Lengkap Gunakan Gotong dan Bulang, Hardiknas Diperingati di Kota P. Siantar

By nkridetik.com 04 Mei 2026, 13:18:55 WIB pendidikan
Lengkap Gunakan Gotong dan Bulang, Hardiknas Diperingati di Kota P. Siantar

Keterangan Gambar : Wali Kota P. Siantar hadir Sekda pada saat Pembina Upacara Hardiknas. (ist)


Lengkap Gunakan Gotong dan Bulang, Hardiknas Diperingati di Kota P. Siantar

P. Siantar, NKRIDETIK.COM

Wali Kota Pematangsiantar Wesly Silalahi SH MKn pengurus Sekretaris Daerah (Sekda) Junaedi Antonius Sitanggang SSTP MSi pembina upacara peringatan Hari Pendidikan Nasional (Nasional) Tahun 2026, di UPTD SMP Negeri 1 Pematangsiantar, Jalan Merdeka Kelurahan Pardomuan Kecamatan Siantar Timur, Sabtu (02/05/2026) pagi.

Baca Lainnya :

Para petugas upacara dan guru-guru SMPN 1 Pematangsiantar mengenakan pakaian adat Simalungun, lengkap dengan Gotong dan Bulang.

Wesly yang berisi Junaedi membacakan Pidato Menteri Pendidikan Dasar dan Menengah (Mendikdasmen) Abdul Mu'ti. Disampaikan, Peringatan Hari Pendidikan Nasional adalah momentum untuk melakukan refleksi, meneguhkan, dan menghidupkan semangat pendidikan nasional. Pada hakikatnya pendidikan adalah proses yang dilaksanakan dengan tulus, penuh kasih dan sayang untuk memanusiakan manusia.

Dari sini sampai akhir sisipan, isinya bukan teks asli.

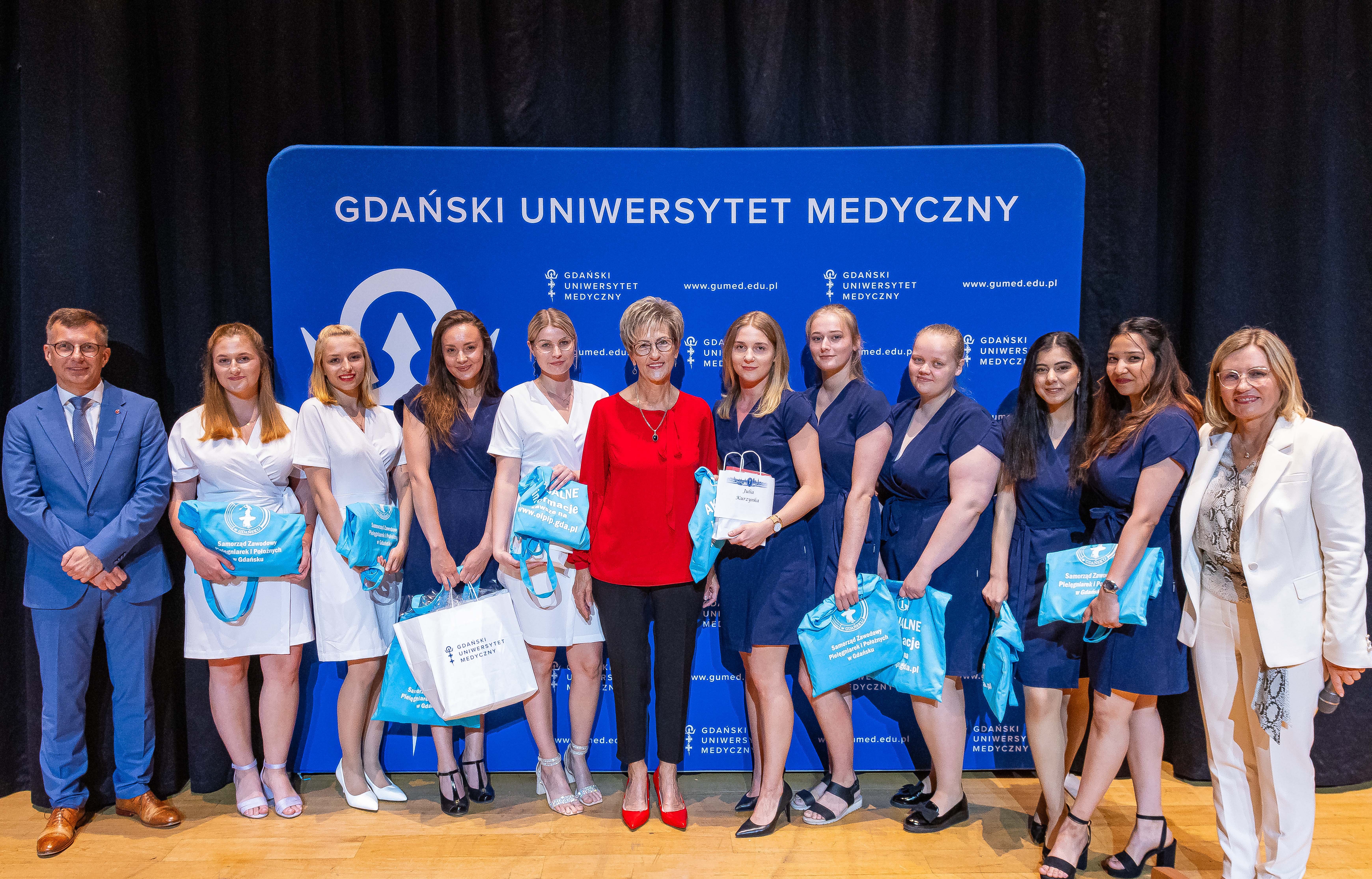 Uczestników spotkania powitała prof. Aleksandra Gaworska-Krzemińska – prodziekan ds. promocji i rozwoju Wydziału Nauk o Zdrowiu, która poprowadziła uroczystość. W wydarzeniu udział wzięli zaproszeni goście, wśród których znaleźli się: prof. Marcin Gruchała – rektor GUMed, dr hab. Agnieszka Zimmermann, prof. uczelni – prorektor ds. jakości kształcenia, dr hab. Tomasz Smiatacz – prorektor ds. studenckich oraz prof. Piotr Wąż – prodziekan Wydziału Nauk o Zdrowiu. Obecny był także sekretarz stanu w Ministerstwie Zdrowia Waldemar Kraska oraz przedstawiciele szpitali współpracujących z naszym Uniwersytetem: Jakub Kraszewski, Anna Lignowska, Lucyna Nowicka, Jolanta Madej, Anna Kosowska, Krystyna Paszko i Dariusz Kostrzewa.

“Pendidikan adalah proses menemukan dan menumbuhkembangkan fitrah, kodrat alamiah manusia, atau potensi sebagai makhluk Tuhan yang mulia. Inti proses pendidikan adalah memuliakan. Bapak Pendidikan Nasional, Ki Hajar Dewantara, meletakkan dasar dan nilai pendidikan dengan sistem antara; asah (ilmu), asih (kasih sayang), dan asuh (pendampingan, pelatihan),” terangnya.

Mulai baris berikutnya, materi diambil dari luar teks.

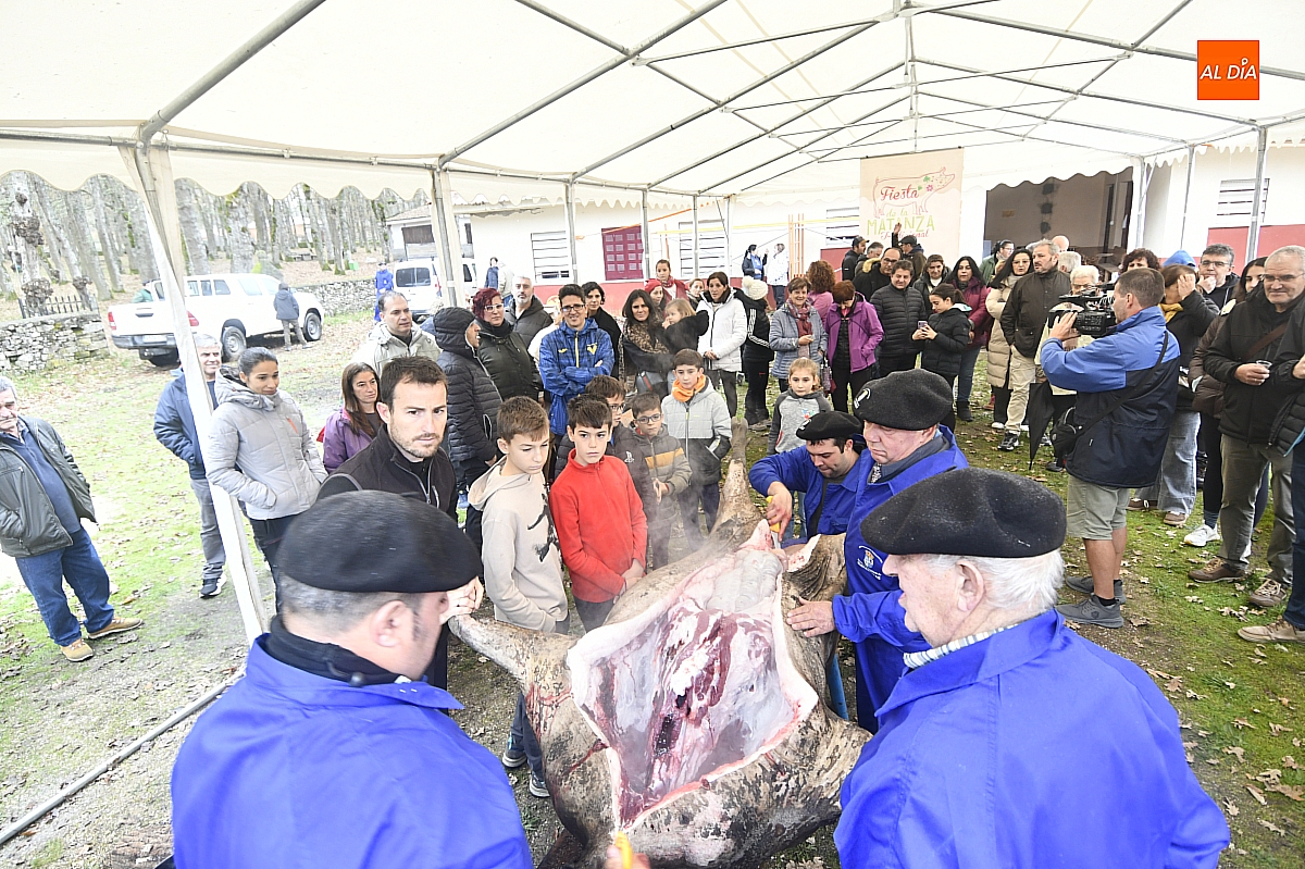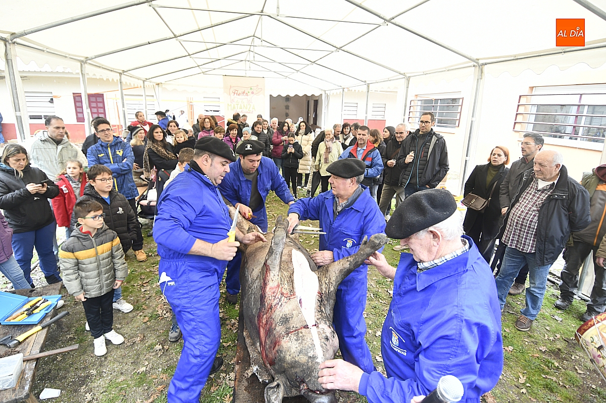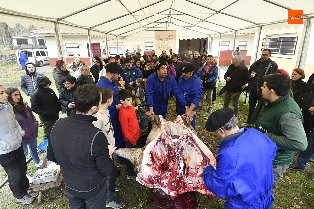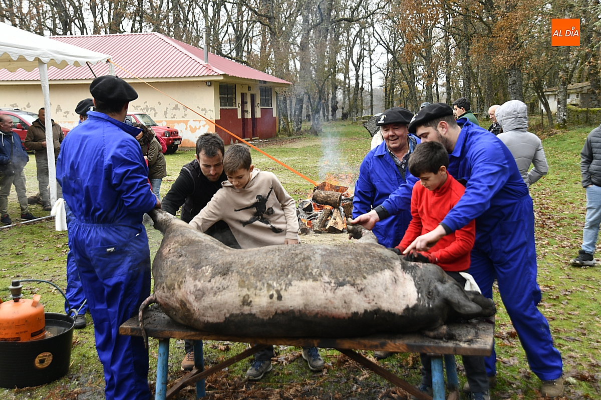 A pesar de la ligera lluvia que durante la mañana cayó sobre todo El Rebollar, vecinos, oriundos y visitantes portugueses fueron acercándose al recinto, donde la música de gaita y tamboril, junto con licores y aguardientes de la zona, animó el ambiente. El Matancero de Honor, Agapito Mateos, y los expertos Juan Miguel, Jorge, Rubén y Paco avanzaron las labores entre la atenta mirada de numerosos niños, que en ocasiones se animaron a colaborar.

Sesuai amanat Undang-undang Dasar 1945 dan Undang-undang Sistem Pendidikan Nasional Nomor 20 Tahun 2003, selanjutnya, pendidikan pada hakikatnya adalah proses mencerdaskan kehidupan, membangun watak dan peradaban bangsa. Pendidikan adalah proses menumbuhkembangkan potensi manusia sehingga menjadi insan yang beriman dan bertakwa kepada Tuhan Yang Maha Esa, berakhlak mulia, cerdas, terampil, mandiri, sehat jasmani dan rohani, jujur, bertanggung jawab, demokratis, dan kepribadian utama lainnya.

Sesuai dengan Asta Cita Presiden Prabowo Subianto, pendidikan adalah usaha bersama untuk membangun sumber daya manusia Indonesia yang unggul, kuat, dan tangguh untuk menjadikan Indonesia sebagai negara yang maju, makmur, dan berdaya tahan.

Berdasarkan landasan tersebut, Kementerian Pendidikan Dasar dan Menengah menerapkan pendekatan Pembelajaran Mendalam (Deep Learning) sebagai program prioritas untuk meningkatkan kualitas pendidikan dan mewujudkan tujuan pendidikan nasional.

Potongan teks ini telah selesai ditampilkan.